- From: Robert O'Callahan <robert@ocallahan.org>
- Date: Sat, 26 Mar 2011 10:51:57 +1300
- To: Anthony Grasso <Anthony.Grasso@cisra.canon.com.au>
- Cc: Jonathan Watt <jwatt@jwatt.org>, Cameron McCormack <cam@mcc.id.au>, "public-fx@w3.org" <public-fx@w3.org>
- Message-ID: <AANLkTinGTGM=cMJ0703aYp_38TcX_BqxfksdC7wUETQF@mail.gmail.com>
On Fri, Mar 25, 2011 at 7:50 PM, Anthony Grasso < Anthony.Grasso@cisra.canon.com.au> wrote: > I remember from past discussions in the FX Group that the “transform” > attribute and “transform” property behave differently. At least for > “transform-origin” it’s currently defined that way [1] . We originally > decided that the CSS property will override the SVG attribute (which is how > it works with current SVG I think). > Have you got a reference to those discussions?
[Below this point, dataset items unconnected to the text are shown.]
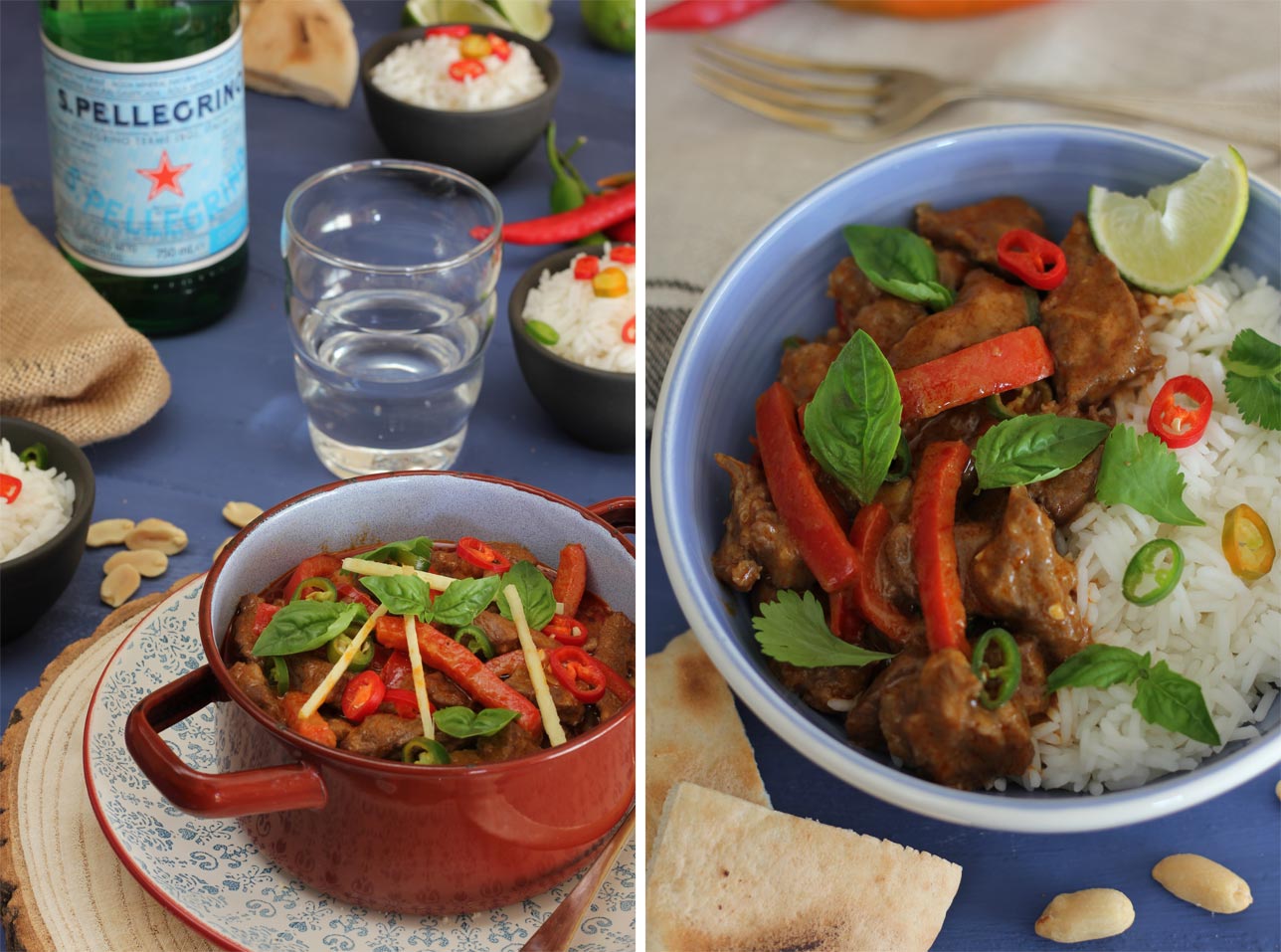 Combinamos un producto ibérico como el secreto con un toque de curry, coco y vegetales con una copa de vino tinto y un vaso de una refrescante agua con gas S.Pellegrino.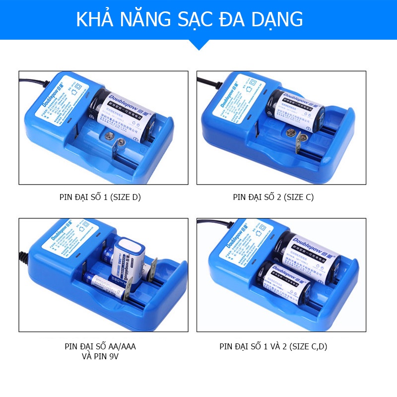 Dụng cụ và thiết bị tiện ích > Thiết bị và phụ kiện xây dựng > Pin > Bộ sạc pin AA AAA C D 9V thông minh Doublepow K32, Bộ sạc tự ngắt và báo đèn khi pin đầy
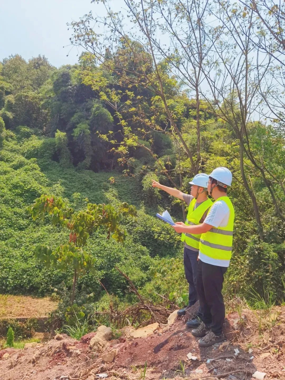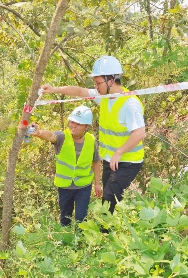 淬火鑄鐵軍,青山證丹心。那段時間銅梁區(qū)連續(xù)高溫預(yù)警,項(xiàng)目部青年突擊隊(duì)成員鄒峰嵐和吳雪民作為黨員,沖鋒在前,持續(xù)在“炙烤模式”中澆筑綠色屏障——他們充分利用施工空窗期,為防火隔離帶中的珍貴闊葉樹系上“生態(tài)身份證”,在蒸騰熱浪中為每寸山林鐫刻守護(hù)坐標(biāo)。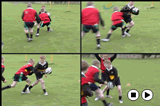 Starting with initially two tacklers and the rest as attackers, players must try to go from one side to the other with a ball in their hands without being tackled.
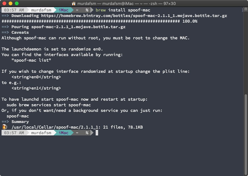 3. Install SpoofMAC via Homebrew. In the terminal type brew install spoof-mac
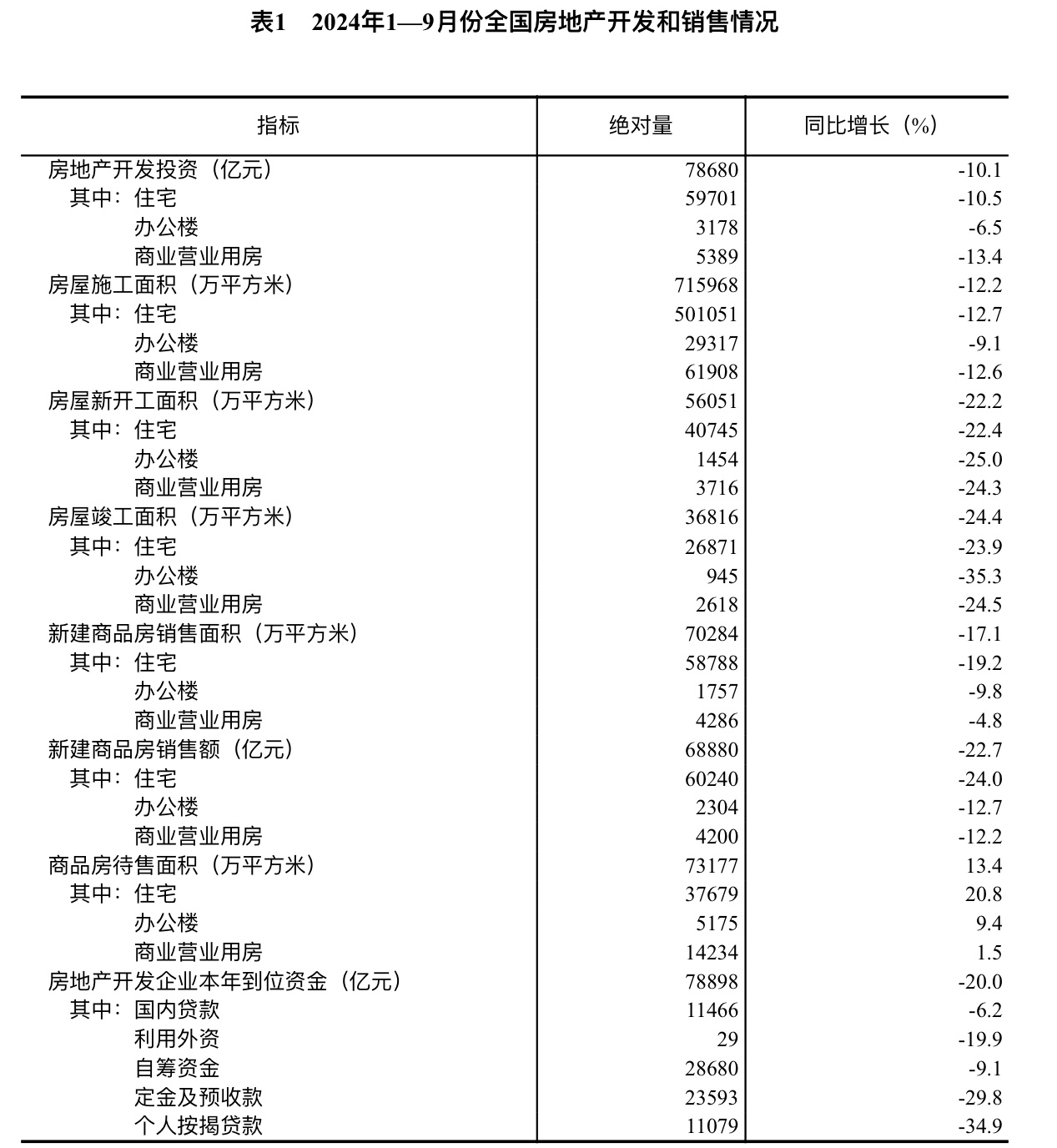 1—9月份,房地产开发企业房屋施工面积715968万平方米,同比下降12.2%。其中,住宅施工面积501051万平方米,下降12.7%。房屋新开工面积56051万平方米,下降22.2%。其中,住宅新开工面积40745万平方米,下降22.4%。房屋竣工面积36816万平方米,下降24.4%。其中,住宅竣工面积26871万平方米,下降23.9%。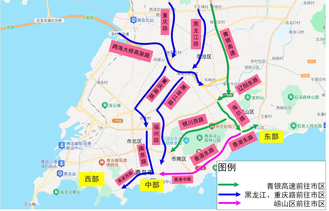 東部(小麥島—石老人區(qū)域):跨海大橋高架路→海爾路→香港東路。

It's not clear to me what "CSS property overrides the SVG attribute" would actually mean. Does it mean something different from the way presentational attributes normally map into CSS? People have commented to me that would like the current proposal changed > such that CSS transform property is additive to the SVG transform attribute. > That is, the CSS transform property will apply to SVG elements based on the > bounding box of the SVG element with respect to the top-level document. This > differs from the current proposal for the CSS transform property to override > the SVG transform attribute. It resolves the syntax/parsing issue and makes > sense in developer scenarios, particularly concerning animation. > Can you be more specific? This would mean an element actually has two transforms: an SVG transform and a separate CSS transform on top. I guess that would work. However, it means that setting an SVG transform attribute behaves differently to setting the CSS transform property. I'd be reluctant to do something different to the normal way presentational attributes are mapped into CSS. One question that we need to answer with both options below is, what > happens if the “transform-origin” is already specified on an SVG element? > Does the UA style rule (1a) or the transform mapping (1b) override what is > defined? Or do the value(s) of the “transform-origin” override the style > rule/mapping? > Author-specified transform-origin would override the UA style rule or the presentational attribute, as normal for CSS. Rob -- "Now the Bereans were of more noble character than the Thessalonians, for they received the message with great eagerness and examined the Scriptures every day to see if what Paul said was true." [Acts 17:11]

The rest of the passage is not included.